Each line below that contains "with" should be counted. Give only the total.
====== Records shown ======
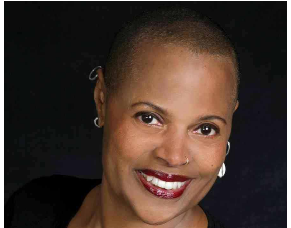
Sapphire—performance poet and author of Push (inspiration for the movie Precious) will speak at Behrend April 4.
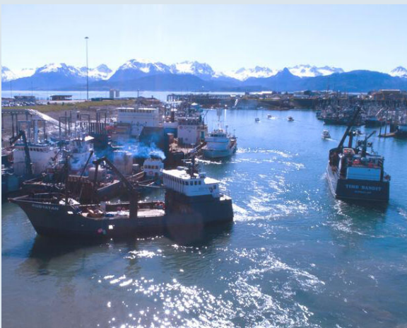
A Section 22 Navigational Improvement study completed in 2019 by the USACE and the City of Homer showed a preliminary Benefit Cost Ratio (BCR) of 0.9 to 1.0, confirming that the project meets national thresholds for Federal investment and that proceeding with a General Investigation Study (GI) is warranted. A GI will provide additional data for the BCR analysis and will consider design alternatives, which USACE predicts will increase the BCR beyond the range estimated in the PAS Report.
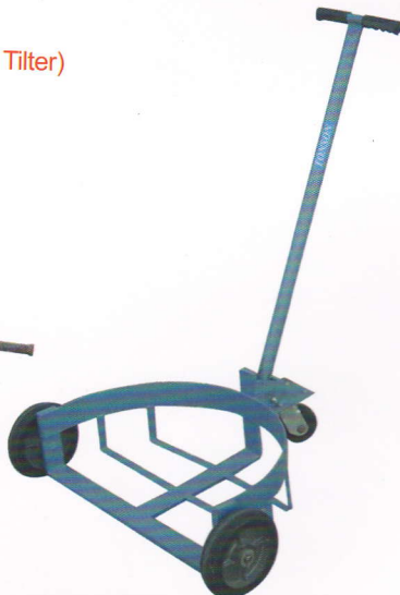
F-12 Save Labour Drum Truck
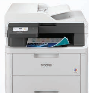
MFC-L3760CDW | RM2,249
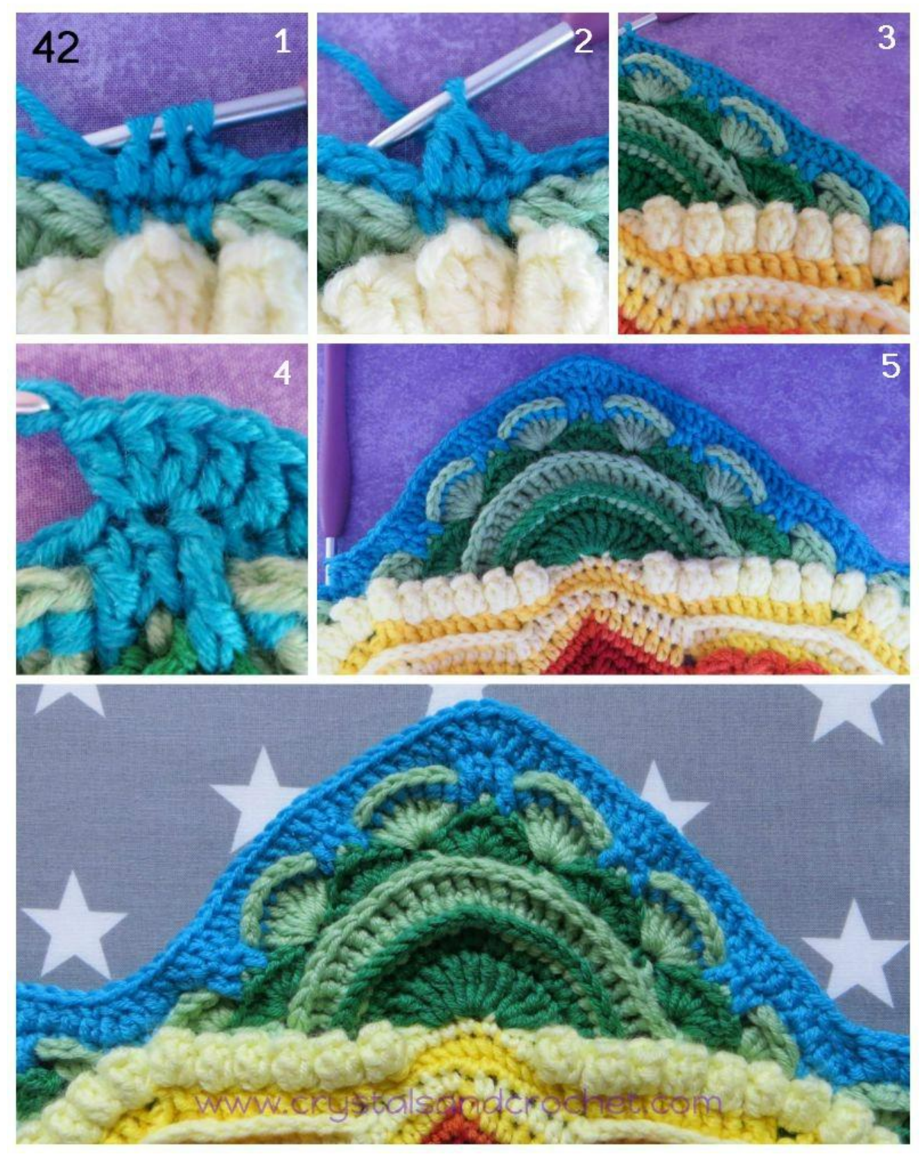
Original Design by Helen Shrimpton ♥ Copyright ° 2015 ♥ All Rights Reserved.

Repeat from * to * 7 more times, omit last dc3tog. Join to starting dc3tog, fasten off, and secure ends. Stitch Count: Per repeat: 51 dc, 1 dc3tog. Total: 408 dc, 8 dc3tog.
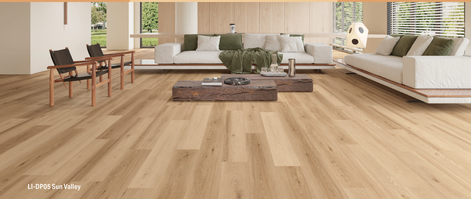
LI-DP05 Sun Valley

Lions Floor District Pro collection was created with exclusive patterns topped with intricate wood grain embossed surfaces to coordinate with various design options. Featuring a fiberglass-reinforced structure, the product delivers dimensional stability that yields high traffic tolerance. The District Pro collection is an embodiment of timeless aesthetics and performance-driven functionality.
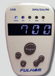
TPSB-100EU SmartSet Controller

FULHAM www.fulham.com Europe • North America • China • India
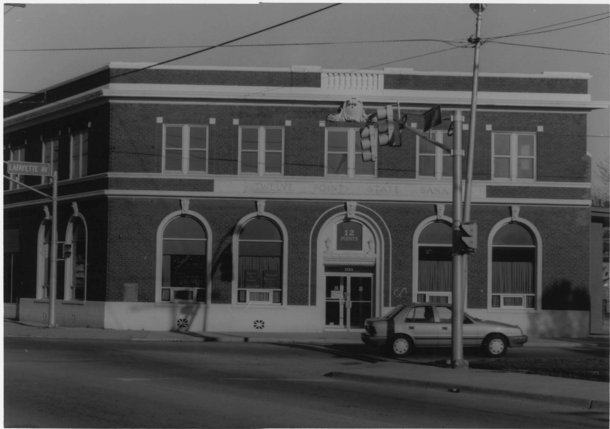
TWELVE PTS. STATE BANK, 12 PTS. H.D., VIGO CO., IN, PHOTO NO. 5
======
Answer space.
2